Malaysia telah mengumumkan rencana untuk mengirim orangutan ke negara-negara pengimpor minyak sawit dalam upaya meningkatkan kredibilitas negara tersebut dalam melindungi keanekaragaman hayati.
Negara tetangga ini, Indonesia, merupakan produsen komoditas yang banyak digunakan terbesar kedua di dunia, dan aktivitas produksinya telah dikritik oleh para aktivis lingkungan hidup karena merusak habitat orangutan di Malaysia dan Indonesia.
Langkah ini dilakukan setelah Uni Eropa (UE) tahun lalu memutuskan untuk menghapuskan produk-produk seperti minyak sawit yang terkait dengan deforestasi pada tahun 2030.
Malaysia beralasan larangan tersebut diberlakukan untuk melindungi pasar minyak nabati di Uni Eropa. Bagaimana reaksi Malaysia?

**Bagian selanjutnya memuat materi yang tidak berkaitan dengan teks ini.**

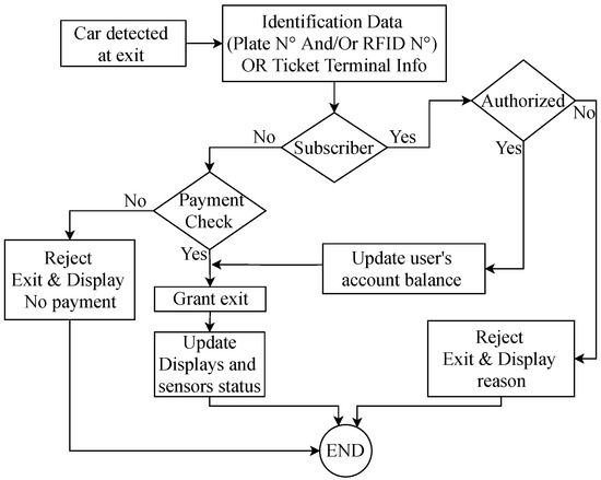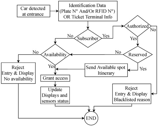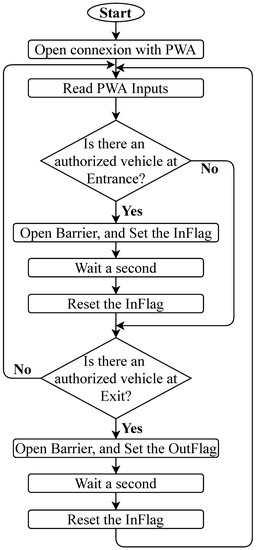 - Parking entrance/exit system: This module includes identification equipment (radio frequency identification (RFID), license plate recognition (LPR) and ticket terminals), access barriers, parking wireless sensors network (WSN), displays for signaling, and indoor guidance. Our demonstrator is a garage parking and its accesses are controlled by physical barriers. The parking web automate (PWA) module controls these barriers and also serves to detect the vehicles’ presence at the parking entrance and exit. It’s equivalent to a programmable logic controller with an embedded web server. The PWA has some digital inputs (DI) and digital outputs (DO). It will act as an actuator. The DIs are used to connect cameras DO, barrier photocell protection relays, etc. The DOs are useful to command Barriers’ opening. To monitor the parking occupancy a set of IoT sensors form the parking WSN. For identification, it worth noting that it is possible to identify either drivers or vehicles. Vehicles identification is done through plate numbers and RFID tags stuck to the car windshield. Subscribed drivers can be identified through a personal card managed by the terminal ticket board. For a visitor driver, he can get access to the parking only through the ticket terminal by withdrawing a ticket. RFID only allows subscribed users identification. The LPR can identify both (visitors and subscribers). Indeed, the license plate is one of the identifiers available on all vehicles. To retrieve these identifiers, specific cameras equipped with optical character recognition technology are used. The car park may have two: one at its entrance and another at its exit. The data are available at the equipment level and are collected and processed by PS, then transmitted to PWS.

Menteri Komoditas Malaysia Johari Abdul Ghani mengatakan rencana tersebut akan melibatkan pasokan orangutan ke mitra dagang seperti UE, India dan Tiongkok, yang mengimpor minyak sawit dalam jumlah besar untuk digunakan dalam produk mulai dari makanan hingga kosmetik.
“Ini akan menunjukkan kepada masyarakat dunia bahwa Malaysia berkomitmen dalam melestarikan keanekaragaman hayati,” kata Johari melalui platform media sosial X pada Selasa (7/5) malam.
“Malaysia tidak bisa melakukan pendekatan defensif terhadap isu kelapa sawit,” tambahnya.
“Sebaliknya, kita perlu menunjukkan kepada negara-negara di dunia bahwa Malaysia adalah produsen minyak sawit berkelanjutan dan berkomitmen terhadap konservasi hutan dan kelestarian lingkungan,” tegas Johari.
Rencana tersebut disamakan dengan “diplomasi panda” oleh Tiongkok, di mana pemerintah Tiongkok telah lama mengirimkan panda ke negara lain sebagai alat diplomasi.
Berdasarkan program yang ada saat ini, Tiongkok meminjamkan panda ke kebun binatang luar negeri, di mana anak panda harus dikembalikan dalam waktu beberapa tahun setelah kelahirannya agar mereka dapat berpartisipasi dalam program pembiakan Tiongkok. Bagaimana dengan kelapa sawit dan orangutan?
Minyak sawit digunakan dalam berbagai macam produk, mulai dari bahan tambahan makanan hingga lipstik, sabun, dan sampo.
Namun menurut organisasi konservasi WWF, produksi kelapa sawit di perkebunan besar telah memberikan kontribusi signifikan terhadap hilangnya habitat orangutan di Malaysia dan Indonesia, eksportir utama komoditas ini.
Hal ini menempatkan orangutan dalam bahaya kepunahan. Populasi orangutan di Kalimantan dan Malaysia saat ini kurang dari 105.000 ekor, menurut data WWF tahun 2012.
WWF memperingatkan di situs webnya bahwa jumlah tersebut diperkirakan akan turun menjadi 47.000 pada tahun 2025 kecuali jika ada langkah efektif yang diambil untuk melindungi hewan.